Go to E-conolight.com and check them out, That's where most people get them, I would suggest lights with capacitors, you can call them and tell them you are using them for bowfishing and they will know exactly what you are talking about and what you need.


----------



## JpEater (Jun 28, 2010)

Most HPS lights are going to be big, bulky, heavy, and very weak cast aluminum housings. If you are looking for some custom made fixtures that will last a lifetime and never break let me know. These are some pics of the custom 400watt HPS lights me and a friend are building. I run digital ballasts but you can run regular ballasts.

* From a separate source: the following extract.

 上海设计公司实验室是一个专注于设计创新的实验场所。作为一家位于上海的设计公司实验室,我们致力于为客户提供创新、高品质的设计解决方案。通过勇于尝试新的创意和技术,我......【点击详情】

Digital ballasts are 7lbs per light. Regular ballasts are 35lbs plus per light. For a 400w light.


----------



## Gaducker (Jun 28, 2010)

JpEater said:


> Most HPS lights are going to be big, bulky, heavy, and very weak cast aluminum housings. If you are looking for some custom made fixtures that will last a lifetime and never break let me know. These are some pics of the custom 400watt HPS lights me and a friend are building. I run digital ballasts but you can run regular ballasts. Digital ballasts are 7lbs per light. Regular ballasts are 35lbs plus per light. For a 400w light.

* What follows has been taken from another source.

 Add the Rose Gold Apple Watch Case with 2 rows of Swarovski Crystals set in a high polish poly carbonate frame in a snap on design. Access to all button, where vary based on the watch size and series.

Are you building them to sale? if so how much with digital ballast?


----------



## JpEater (Jun 28, 2010)

Gaducker said:


> Are you building them to sale? if so how much with digital ballast?



PM sent.


----------



## thompsonsz71 (Jun 29, 2010)

me and trey could be working on some lights for my lil fish sticker very soon,,


----------



## t.roberts (Jun 29, 2010)

thanks i got some 500 wt lights from wal mart only used them once. they worked pretty good but was gonna get maybe some 150wt to shine straight down  between the others bc some said on here the hps cut merky water better


----------



## thompsonsz71 (Jun 29, 2010)

ive got 6 150's to do on my little fish sticker.... i just need to get that project going..... i wont be messing with halogens anymore


----------